Scarpinato ha espresso indignazione per l’articolo che lo accuserebbe di aver “spiato” la dottoressa Gallucci, la quale sostiene che il senatore avrebbe richiesto indebitamente al Consiglio Superiore della Magistratura atti della sua vita personale, allegando la tessera da senatore e insinuando un abuso della sua qualità parlamentare.
Il senatore ha chiarito di aver già dato mandato ai propri legali di procedere per vie legali contro la magistrata per le sue “insinuazioni gravemente diffamatorie” rilasciate in interviste e trasmissioni televisive. Tra queste accuse, Gallucci avrebbe sostenuto che Scarpinato, quando rivestiva l’incarico di procuratore generale di Palermo, avrebbe interferito indebitamente in un procedimento penale da lei gestito, del quale però il senatore dichiara di non essersi mai occupato.
Un’altra accusa riguarda il presunto avvio strumentale di un’azione disciplinare nei confronti della magistrata. Scarpinato ha precisato che la segnalazione del procedimento disciplinare fu effettuata direttamente dal Procuratore di Termini Imerese, a seguito di una comunicazione del Procuratore della Repubblica per i Minorenni di Palermo. Quest’ultimo aveva segnalato che la dottoressa Gallucci aveva omesso per lungo tempo di informare quella Procura che in un’indagine per droga erano coinvolti anche dei minorenni.

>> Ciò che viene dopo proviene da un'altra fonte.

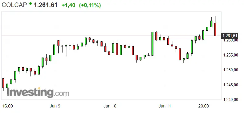 Como vemos en el gráfico de abajo, las cotizaciones del índice COLCAP se dirigen en línea alcista con una situación actual de 1361.61 puntos. Lo que iba sucediendo desde hace un tiempo era una situación en la que de los 1268.38 puntos de soporte, que elevaban hacia los 1268.38 puntos de resistencia. Es entonces cuando se desencadena la trayectoria hacia el momento actial de las cotizaciones del COLCAP; los 1261.61 puntos. Podemos resumir la situación del índice colombiano como una subida del 0.11%, que van siendo unos 1.40 puntos.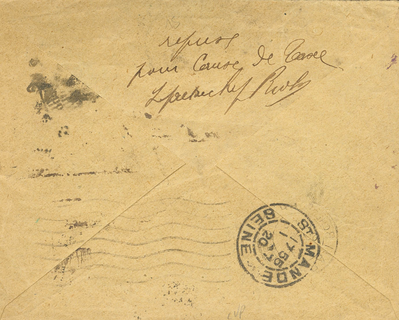 137. 1920. 5 cts verde. MARSELLA a SAINT MANDE. Devuelta al remitente y tasada doblemente a la llegada a Saint Mandé con sellos de tasa de 10 cts castaño y 30 cts rojo, tres sellos anulados a pluma y fechador y en el destino de devolución, Marsella, con dos sellos de tasas de 50 cts. MAGNIFICA.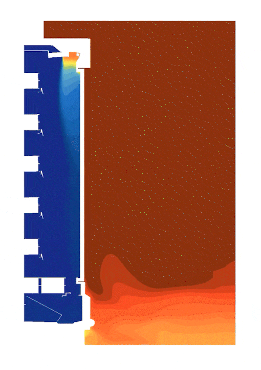 La CFD (Computational Fluid Dynamics) nous permet de mesurer l'effet de soufflet et montre pourquoi les affirmations d'économies d'énergie fixes et singulières sont trompeuses et souvent exagérées. La performance énergétique est transitoire parce que les ouvertures de porte sont transitoires.

Il senatore ha spiegato di aver depositato al CSM un’istanza per ottenere alcuni atti del fascicolo personale della magistrata relativi ai fatti in questione, da utilizzare come prove in giudizio insieme ad altri documenti già estratti dal sito ufficiale del Consiglio Superiore della Magistratura, liberamente accessibile e riguardante anche i procedimenti disciplinari a carico di Gallucci.
Scarpinato ha sottolineato che tale richiesta rappresenta l’esercizio di un diritto riconosciuto a tutti i cittadini per ragioni di giustizia, finalizzato a dimostrare “in modo puntuale la falsità” delle insinuazioni mosse nei suoi confronti. Ha inoltre precisato che l’istanza deve essere necessariamente corredata di un documento di riconoscimento, motivo per cui ha allegato quello rilasciatogli dal Senato dopo la sua elezione.
Il parlamentare ha concluso annunciando di aver incaricato i propri legali di valutare ulteriori azioni legali per queste nuove insinuazioni, nei confronti di tutti i soggetti ritenuti responsabili.